● Data extracts:
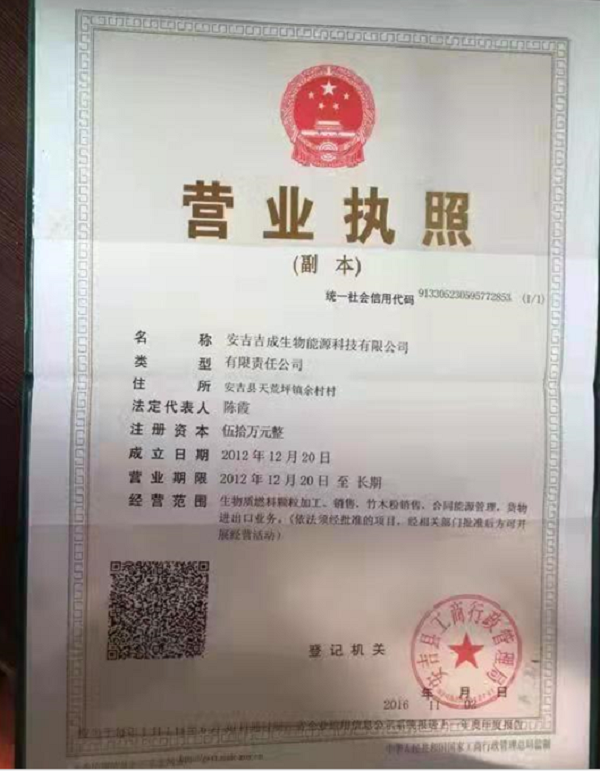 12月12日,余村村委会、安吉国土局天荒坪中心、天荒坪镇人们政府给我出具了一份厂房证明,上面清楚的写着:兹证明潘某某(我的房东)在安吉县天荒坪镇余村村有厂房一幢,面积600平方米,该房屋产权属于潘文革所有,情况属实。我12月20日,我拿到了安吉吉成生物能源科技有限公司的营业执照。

--

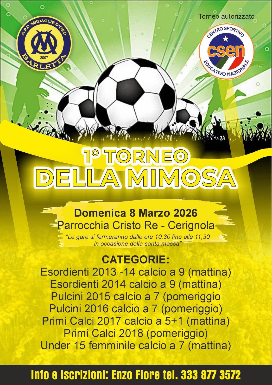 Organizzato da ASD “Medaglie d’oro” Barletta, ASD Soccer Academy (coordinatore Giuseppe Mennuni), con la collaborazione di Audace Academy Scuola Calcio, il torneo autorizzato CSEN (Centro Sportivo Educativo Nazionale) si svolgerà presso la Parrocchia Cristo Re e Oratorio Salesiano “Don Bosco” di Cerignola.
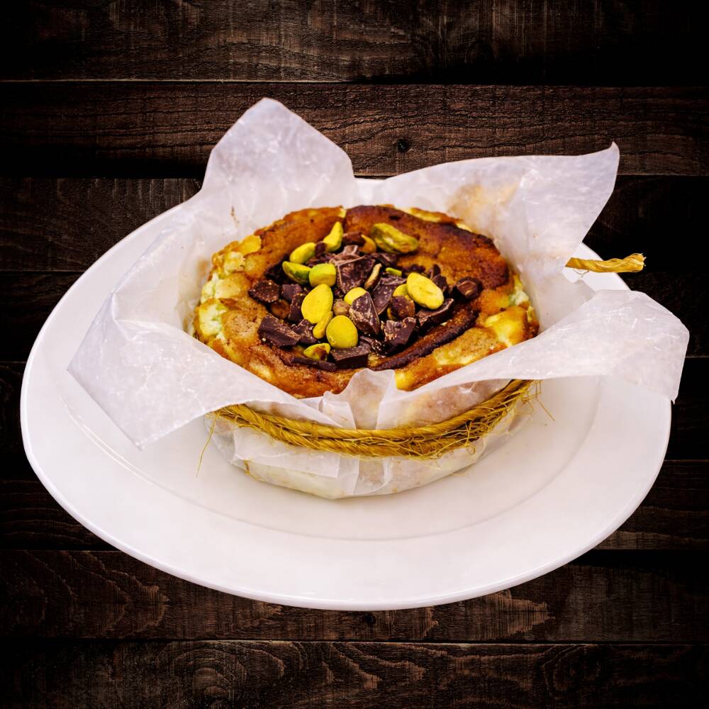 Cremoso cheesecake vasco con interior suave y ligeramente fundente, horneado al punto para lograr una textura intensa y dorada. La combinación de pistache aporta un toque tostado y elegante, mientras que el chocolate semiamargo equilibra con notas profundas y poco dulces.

● What is expected:
Going back to the data above, write out everything from the line with "Organizzato da ASD" down to the line with "Cremoso cheesecake vasco", both included, leaving every picture out.

● Task result:
 Organizzato da ASD “Medaglie d’oro” Barletta, ASD Soccer Academy (coordinatore Giuseppe Mennuni), con la collaborazione di Audace Academy Scuola Calcio, il torneo autorizzato CSEN (Centro Sportivo Educativo Nazionale) si svolgerà presso la Parrocchia Cristo Re e Oratorio Salesiano “Don Bosco” di Cerignola.
 Cremoso cheesecake vasco con interior suave y ligeramente fundente, horneado al punto para lograr una textura intensa y dorada. La combinación de pistache aporta un toque tostado y elegante, mientras que el chocolate semiamargo equilibra con notas profundas y poco dulces.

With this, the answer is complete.